Researchers have created a new resource for studying mutational signatures in cell lines, which has already revealed that a key mutational fingerprint occurs in bursts.
A new resource which catalogues mutational signatures in over 1000 cell lines has been compiled by researchers as an aid to investigating the causes of mutations in cancer cells. The resource has already helped the team to discover that a key mutational signature occurs in bursts, dubbed ‘episodic mutagenesis’.
The DNA mutations that cause all cancers, can be identified within cells as unique mutational signatures, of which there are over 50. The nature of these signatures makes them difficult to study yet understanding their causes could be extremely important for oncologists.
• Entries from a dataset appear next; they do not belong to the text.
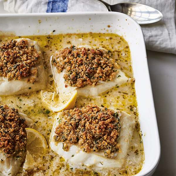 Remove the fish from the oven and pour the wine and lemon juice directly on the fillets. Pat the crumb mixture evenly onto the fillets, pressing gently to help them adhere. (Don't worry if some crumbs get into the sauce!)
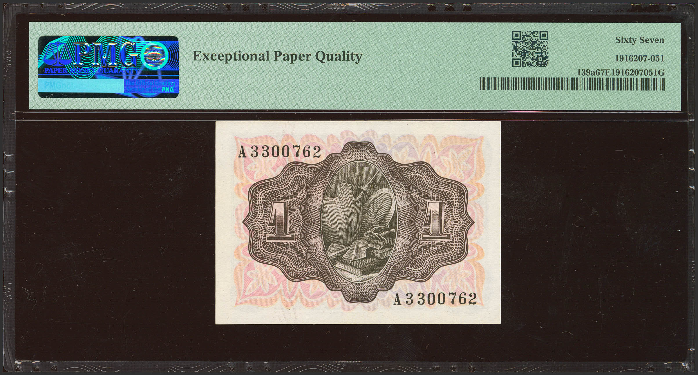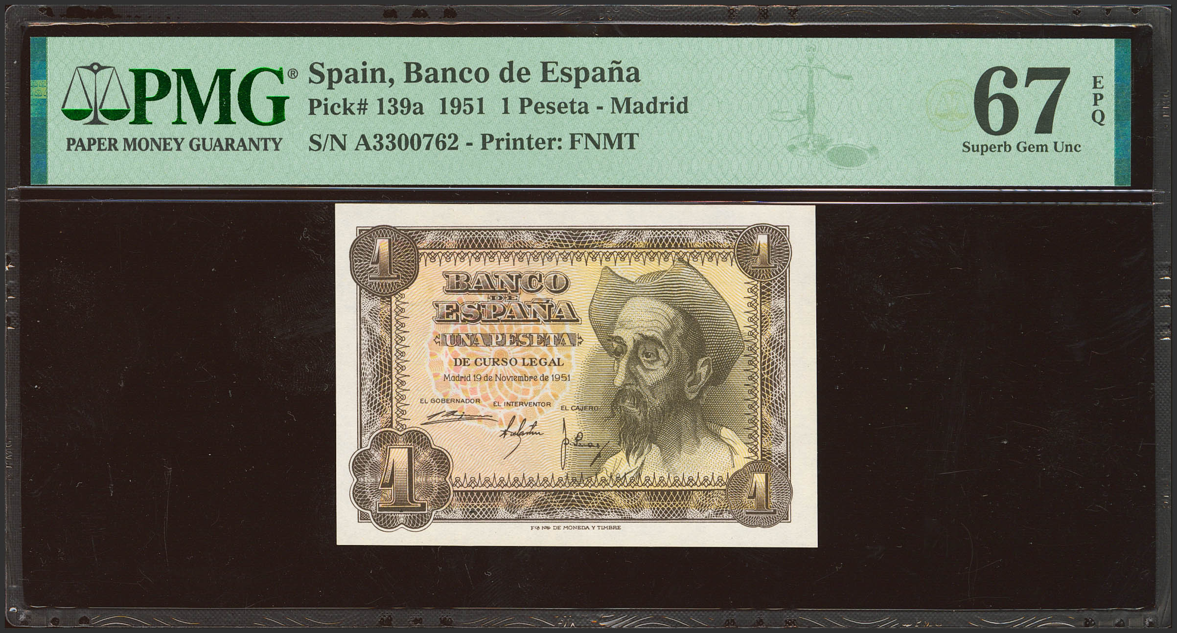 1 Peseta. November 19, 1951. Series A. (Edifil 2023: 461a, Pick: 139a). Original sizing. Uncirculated. PMG67EPQ package.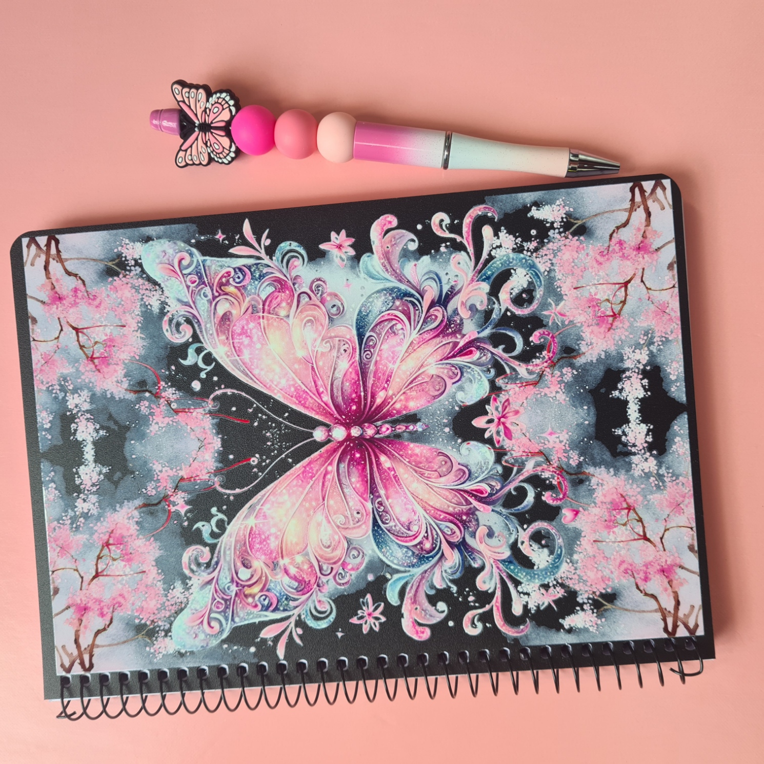 Notebook Design: Black notebook with a large pink butterfly, branches, and pink flowers and leaves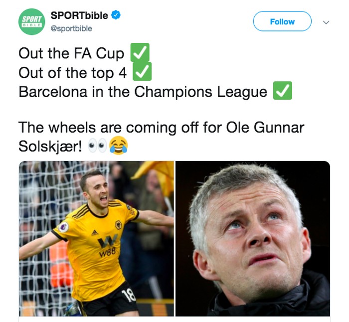 Berbagai media pun melaporkan kekalahan MU dari Wolves di media sosial dengan ilustrasi menarik semacam ini. Foto: istimewa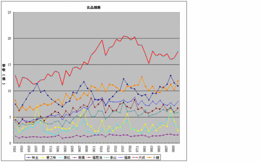 上圖: (例)食品股: 飼料食油股如大成、卜蜂等,其營收Peaks 在1月起至開始加溫,統一(未顯示)、味全、愛之味飲料股,其營收Peaks 在7-8月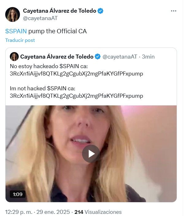 A través de su perfil en redes sociales, los atacantes publicaron diversos mensajes ajenos a la actividad habitual de la diputada. En uno de ellos, Álvarez de Toledo hablaba presuntamente de la creación de la primera criptomoneda española. "Hoy se ha dado un paso histórico para que España abrace el futuro de las finanzas. Estoy orgullosa de lanzar $SPAIN Solana, la criptomoneda oficial de la comunidad española", rezaba el mensaje.

Researchers from the Wellcome–Sanger Institute (UK), along with collaborators, recorded the genome sequences of 577 human cancer cell grafts and 1001 human cancer cell lines. They included the models most widely used in oncology research and created a catalogue of which signature could be found in which cell line. The findings were recently published in Cell.
“By annotating over a thousand publicly available cancer cell lines with information on mutational signatures, we have provided the largest ever resource for experimentally investigating the biological mechanisms underlying these signatures,” explained author Peter Campbell. “Now, researchers will be able to choose the right cell line to work with and systematically knock-out individual genes to study how this affects the generation of any mutational signature over time.”
The team then picked specific cell lines to study, and, possibly unsurprisingly, found that mutational signatures from external factors, such as UV light and smoking, stopped being created over time, whereas those signatures caused by internal cellular factors continued to be created at a steady rate. However, two very common mutational signatures appeared to switch on and off throughout the course of the experiment. The researchers called this ‘episodic mutagenesis’.
APOBEC, a gene-editing immune system protein, which causes mutations in viruses such as HIV, is the cause of mutational signatures found in more than 70% of cancers. It is as of yet unknown what activates APOBEC to attack the human genome instead of harmful viruses, but the new catalog could help researchers to investigate these mutations further.
First author Mia Petjak concluded: “We found that the signatures previously associated with APOBEC enzymes were the only mutations that came in bursts of activity. Cell lines that continue to generate APOBEC-associated, and other, signatures over time now provide us and other groups with a set of powerful tools to study root causes of human cancer – the origins of mutations.”